Note that the column for point has a data type of BYTES. Geospatial columns must use the BYTES type because Pinot will serialize the Geospatial objects into bytes for storage purposes.

Now for the table config:

{
    "tableName": "events_geo",
    "tableType": "REALTIME",
    "segmentsConfig": {
      "timeColumnName": "ts",
      "schemaName": "events_geo",
      "replication": "1",
      "replicasPerPartition": "1"
    },
    "fieldConfigList": [
      {
        "name": "point",
        "encodingType": "RAW",
        "indexType": "H3",
        "properties": {
          "resolutions": "5"
        }
      }
    ],
    "tableIndexConfig": {
      "loadMode": "MMAP",
      "noDictionaryColumns": ["point"],
      "streamConfigs": {
        "streamType": "kafka",
        "stream.kafka.topic.name": "events",
        "stream.kafka.broker.list": "kafka-geospatial:9093",
        "stream.kafka.consumer.type": "lowlevel",
        "stream.kafka.consumer.prop.auto.offset.reset": "smallest",
        "stream.kafka.consumer.factory.class.name": "org.apache.pinot.plugin.stream.kafka20.KafkaConsumerFactory",
        "stream.kafka.decoder.class.name": "org.apache.pinot.plugin.stream.kafka.KafkaJSONMessageDecoder",
        "realtime.segment.flush.threshold.rows":"100000",
        "realtime.segment.flush.threshold.time":"1h"
      }
    },
    "ingestionConfig": {
      "transformConfigs": [
        {
          "columnName": "point",
          "transformFunction": "toSphericalGeography(ST_GeomFromText(pointString))"
        }
      ]
    },
    "tenants": {},
    "metadata": {}
}

The highlighted lines define a Geospatial index on the point column. If you scroll down a bit, under ingestionConfig.transformConfigs you can see transformation functions that converts the WKT string from our Kafka streams into a Geospatial object.
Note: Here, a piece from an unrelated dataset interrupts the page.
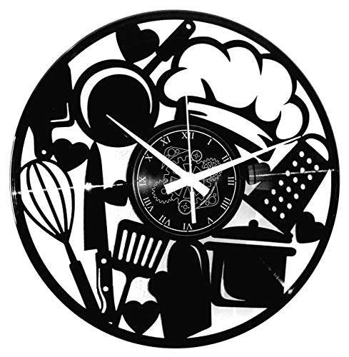 Instant Karma Clocks | Chef Kitchen Wall Clock with Cooking Tools Silhouette – Silent No-Ticking – Perfect for Bedroom, Office, Studio, Living Room – Unique Decoration

We’ll create the table by running the following:

docker run \
   --network geospatial \
   -v $PWD/config:/config \
   apachepinot/pinot:1.0.0 AddTable \
     -schemaFile /config/schema.json \
     -tableConfigFile /config/table.json \
     -controllerHost "pinot-controller-geospatial" \
    -exec

When is the Geospatial index used?

Now that we’ve created a table that contains a column with a Geospatial index, it’d be useful to know when that index will be used. This index is used when a variety of predicates appear in the WHERE clause of a query.

ST_Distance

The ST_Distance function computes the distance in meters between two sets of coordinates.

When used with this function, one of the arguments must be an identifer (i.e. column name) and the other a literal value. The result of calling ST_Distance must then be used in a range query i.e. it should be less than or greater than a specified distance. Examples are shown below:

WHERE ST_Distance(point, '<Literal representing Point, Polygon, LineString, or GeometryCollection>') > 5000
WHERE ST_Distance('<Literal representing Point, Polygon, LineString, or GeometryCollection>', point) < 2000`

ST_Within

ST_Within checks the containment of two geospatial objects. It returns true if and only if the first geometry is completely inside the second geometry.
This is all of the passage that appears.